Task to complete =
Omit the pictures and reproduce the rest of the listing exactly.

Source material =
==========
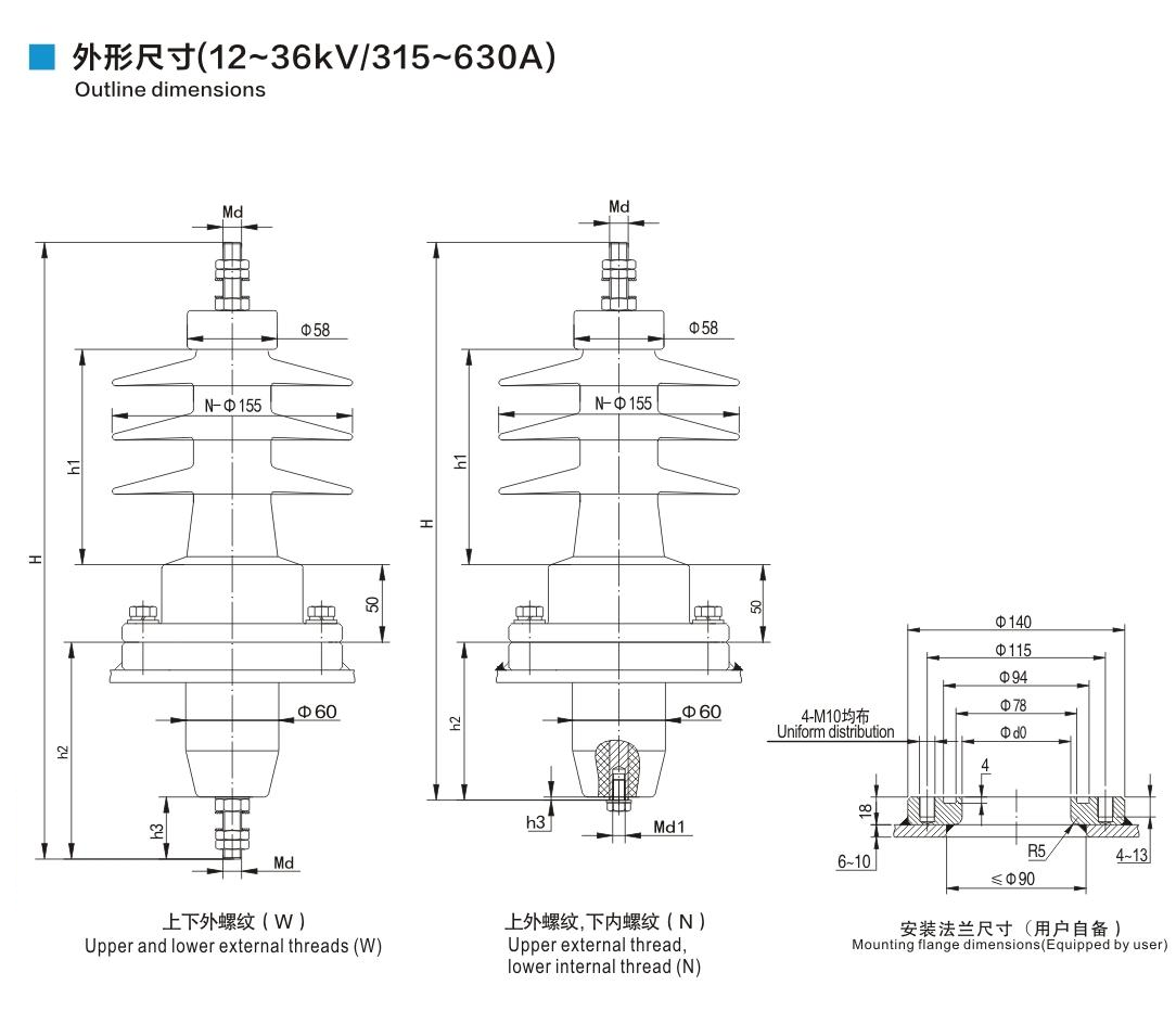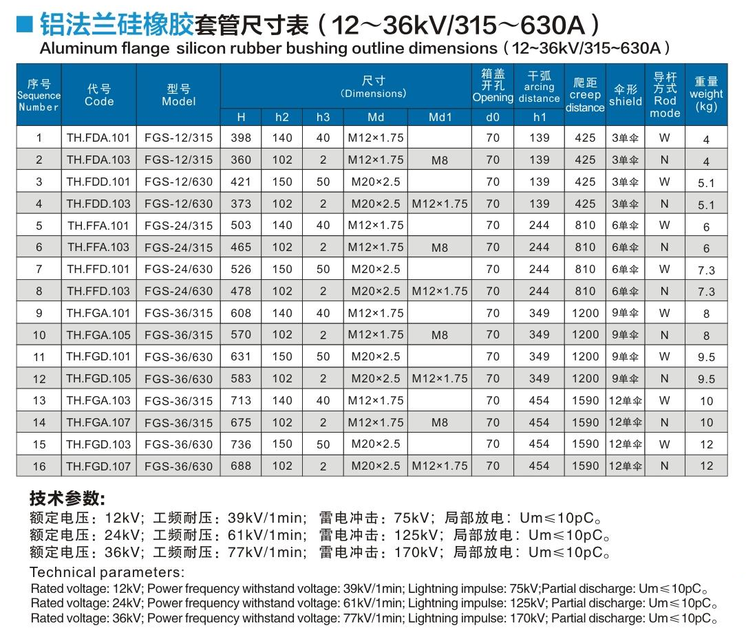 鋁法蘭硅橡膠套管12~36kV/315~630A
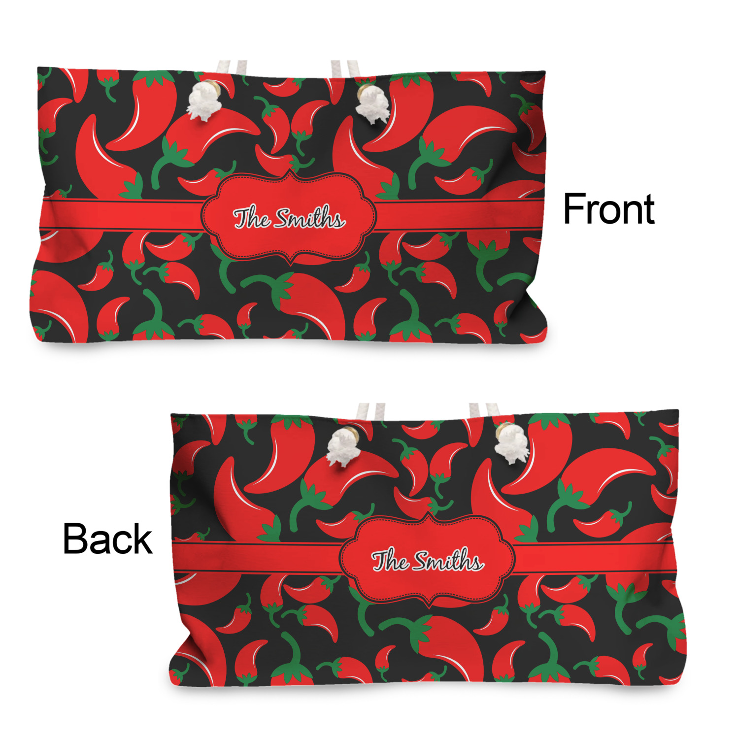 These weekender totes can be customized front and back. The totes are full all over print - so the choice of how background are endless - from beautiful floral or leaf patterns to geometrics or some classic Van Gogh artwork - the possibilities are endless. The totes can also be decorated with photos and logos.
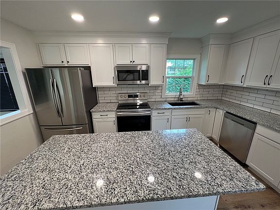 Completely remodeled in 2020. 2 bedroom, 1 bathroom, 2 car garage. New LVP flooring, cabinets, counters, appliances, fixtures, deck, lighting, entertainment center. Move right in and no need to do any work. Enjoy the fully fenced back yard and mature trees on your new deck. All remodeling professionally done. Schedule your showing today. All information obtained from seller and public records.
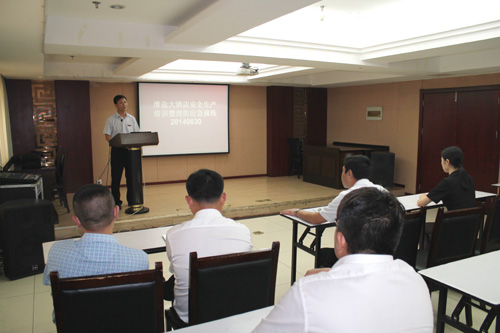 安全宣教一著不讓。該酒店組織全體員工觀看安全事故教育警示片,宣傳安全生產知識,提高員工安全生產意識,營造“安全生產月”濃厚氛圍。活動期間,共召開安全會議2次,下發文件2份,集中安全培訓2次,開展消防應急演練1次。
==========
Output below =
 鋁法蘭硅橡膠套管12~36kV/315~630A
 These weekender totes can be customized front and back. The totes are full all over print - so the choice of how background are endless - from beautiful floral or leaf patterns to geometrics or some classic Van Gogh artwork - the possibilities are endless. The totes can also be decorated with photos and logos.
 Completely remodeled in 2020. 2 bedroom, 1 bathroom, 2 car garage. New LVP flooring, cabinets, counters, appliances, fixtures, deck, lighting, entertainment center. Move right in and no need to do any work. Enjoy the fully fenced back yard and mature trees on your new deck. All remodeling professionally done. Schedule your showing today. All information obtained from seller and public records.
 安全宣教一著不讓。該酒店組織全體員工觀看安全事故教育警示片,宣傳安全生產知識,提高員工安全生產意識,營造“安全生產月”濃厚氛圍。活動期間,共召開安全會議2次,下發文件2份,集中安全培訓2次,開展消防應急演練1次。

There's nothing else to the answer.